They focus on pruning first, and specifically, a famous algorithm called alpha-beta pruning. The basic idea of pruning is that if you’re smart, and keep track of the right stuff while traversing the tree, sometimes you can skip whole sections of the tree because you realize they just can’t do better than what you’ve already done. So this is pruning generally, but alpha-beta pruning is more specifically about passing the best values for max (alpha) and min (beta) down the tree, and the propagating new discoveries back up the tree.

The specifics can actually get a little confusing, so I’ll try and explain it here for my own knowledge. The first thing to note is that alpha and beta are values at each (expanded) node, not global variables. Similar to minimax, there will be a “flip flop” recursion between Maximize and Minimize. The difference here is that each time one of them is called, they’re called with an alpha and beta value. The first time, Maximize is called on the root node with alpha = -infinity and beta = +infinity. At the beginning of Maximize (everything will be the same for Minimize, but backwards), the (best node, best value) combo for that node’s expansion is set to (Null, -infinity). Then, they go through a for loop of each of the children. For each child, Minimize() is called on it, and the resulting value is gotten. If this value is better than the best value, that value becomes the new best value. So, the first time this happens, anything will be bigger than -infinity, so it will be the new best (biggest) value. Then, this best value (whether or not it got updated) is compared to beta (the one passed to Maximize). If it’s bigger, that means that Minimize will certainly choose that beta, which is worse (for Max) than the best Max can already achieve on another branch. Therefore, we can ignore the rest of that branch, and prune.
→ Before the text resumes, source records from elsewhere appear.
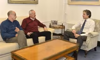 El alcalde de Santander, Íñigo de la Serna, se ha reunido este miércoles con el presidente del Racing de Santander, Tuto Sañudo, y su vicepresidente, Felix Álvarez, a los que ha felicitado por el "nuevo rumbo" que, a su juicio, están dando al club.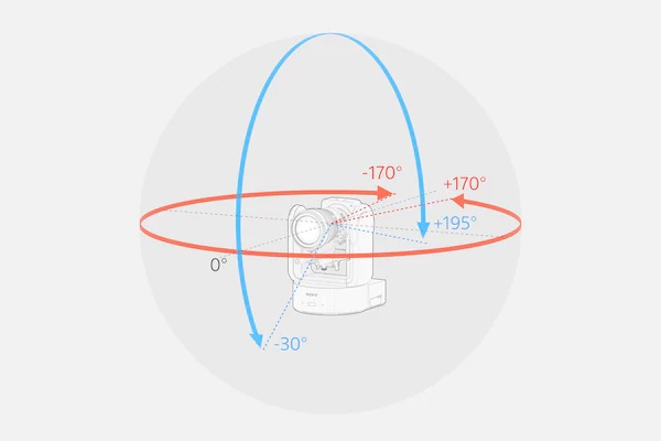 La FR7 cuenta con funcionalidad de giro, inclinación y zoom que se puede controlar a distancia o invocar a posiciones predefinidas. El ángulo de giro es de -170° a +170° y el de inclinación, de -30° a +195° en orientación normal.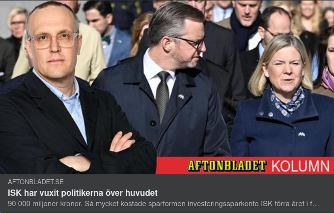 "Sedan införandet 2012 har ISK inneburit sisådär 175 miljarder i lägre skatteintäkter. Eftersom 1 procent äger 35 procent av de 1570 miljarderna som finns på ISK-konton innebär det att 60 miljarder av subventionen landat hos 0,3 procent av svenskarna.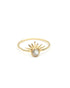 A mystical energy flares from the stone core of this celestial star. The golden cornerstone for your ring collection. Solar is a twisted 14 karats gold plated band featuring a crescent sun and a labradorite stone. You can wear this beauty by itself... Or stack it with its neighbors for more fun! With this Gold Vermeil ring on your finger, you'll shine like never before!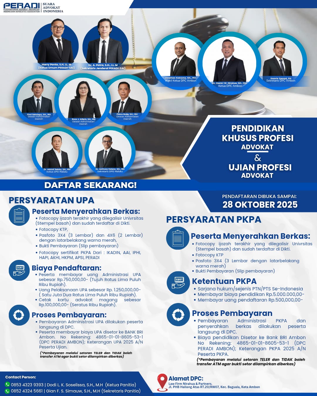 PERADI Suara Advokat Indonesia (DPC Ambon) membuka pendaftaran Pendidikan Khusus Profesi Advokat (PKPA) dan Ujian Profesi Advokat (UPA) bagi lulusan sarjana hukum yang ingin berkarier sebagai advokat profesional.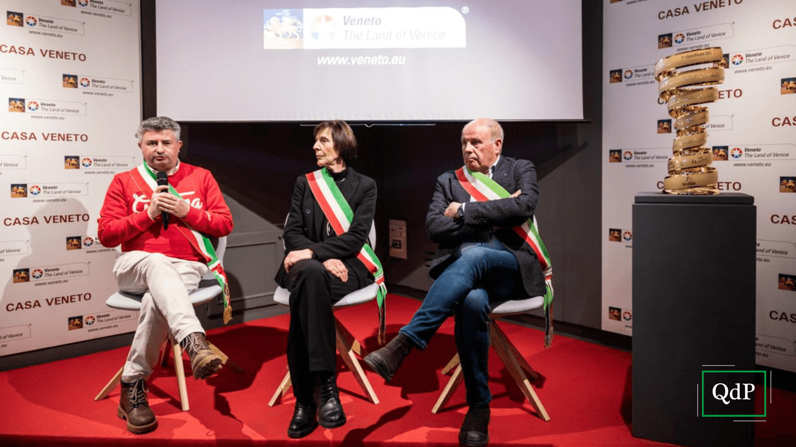 Oggi, giovedì, a Casa Veneto, tra le montagne olimpiche di Cortina d’Ampezzo, si è parlato di questo in occasione della presentazione delle tappe venete del Giro, con gli interventi, tra gli altri, di Paolo Bellino, CEO di RCS Sport & Events, del vicepresidente della Regione Veneto Lucas Pavanetto, dell’assessore regionale Dario Bond, del presidente della Provincia di Belluno, Roberto Padrin, e dei sindaci di Pieve di Soligo (Stefano Soldan), Feltre (Viviana Fusaro) e Alleghe (Danilo De Toni). Presenti anche tre ciclisti di ieri e di oggi, Andrea Vendrame, Sacha Modolo e Diego Bragato.

There’s also a brief section on move ordering, which is the order of the nodes you evaluate. If alpha-beta pruning potentially allows you to not have to evaluate the rest of a node’s children, if evaluation of one of them gives you alpha > beta, you can imagine that you’d want to evaluate that node first.


Alright, now for the actual project! The cool part. The goal here is to make an AI that plays 2048. There are a few constraints. You only get 0.2 second per move, so you have to cut off your search of the game tree after that time and just return what you’ve found for your best move. Additionally, typically in the minimax algorithm, you assume your opponent (if you’re Max) wants to minimize, that is, give you the worst possible move. However, in 2048, the 2 or 4 tile that’s placed each turn is random. So there’s a good chance that you could get better scores if you programmed your AI with this in mind (i.e., if you make a move where, if the computer was playing randomly as it actually does, and there’s a 1% chance it would make the move that’s worst for you, but that other 99% is great for you, that would actually be a pretty great move to make). However, the instructions say to program it as though the game is actively playing against you, giving you the worst move at each point.
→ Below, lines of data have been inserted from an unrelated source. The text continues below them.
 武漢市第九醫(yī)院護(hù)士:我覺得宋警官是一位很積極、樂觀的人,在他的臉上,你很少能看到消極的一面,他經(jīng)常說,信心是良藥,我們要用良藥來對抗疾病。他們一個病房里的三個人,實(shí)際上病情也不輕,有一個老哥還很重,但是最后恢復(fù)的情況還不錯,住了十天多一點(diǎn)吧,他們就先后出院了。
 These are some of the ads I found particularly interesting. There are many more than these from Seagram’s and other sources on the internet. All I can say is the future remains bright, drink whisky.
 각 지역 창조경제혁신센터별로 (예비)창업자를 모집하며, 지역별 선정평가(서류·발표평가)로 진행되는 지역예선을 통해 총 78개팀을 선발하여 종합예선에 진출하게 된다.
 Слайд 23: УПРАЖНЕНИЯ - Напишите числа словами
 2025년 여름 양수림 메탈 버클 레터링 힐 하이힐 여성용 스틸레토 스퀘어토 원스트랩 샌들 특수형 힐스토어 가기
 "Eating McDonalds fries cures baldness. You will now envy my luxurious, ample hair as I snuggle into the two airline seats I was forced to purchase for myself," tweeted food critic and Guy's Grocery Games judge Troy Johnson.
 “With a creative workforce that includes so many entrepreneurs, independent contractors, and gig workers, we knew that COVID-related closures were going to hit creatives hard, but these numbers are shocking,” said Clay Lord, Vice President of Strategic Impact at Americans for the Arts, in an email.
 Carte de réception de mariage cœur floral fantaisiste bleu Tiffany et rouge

I mentioned above what you have to do when you can’t get to a terminal mode. So far they showed you trees that seemed to assume that you could see the outcomes of Max and Min choosing their best moves, and finishing the game to completion or something. I’m not sure you even could theoretically (given infinite calculation time) get all the ending game states for 2048, because it seems possible that there are some rare branches of the tree where the game could continue indefinitely (actually, is this true? If you could also place tiles yourself, and choose the moves, could the game go on forever? I’m not sure, because it seems like as the game goes on, to get higher numbers, you need to have the lower ones that build up to them present as well, which would clog the board up (edit: actually, see below for an example of this)).
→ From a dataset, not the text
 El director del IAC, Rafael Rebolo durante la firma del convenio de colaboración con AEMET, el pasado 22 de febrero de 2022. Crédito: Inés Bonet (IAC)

Anyway, the point is that when you can’t reach terminal states in the game tree (that is, the game doesn’t end, giving you a “definite vaule” for that state), you basically have to make up your own value for a state. And that’s a heuristic, in a sense! It turns out choice of heuristic is very important and the hard problem of this assignment. At each node, you’ll calculate the heuristic for that game state, which will let you make choices.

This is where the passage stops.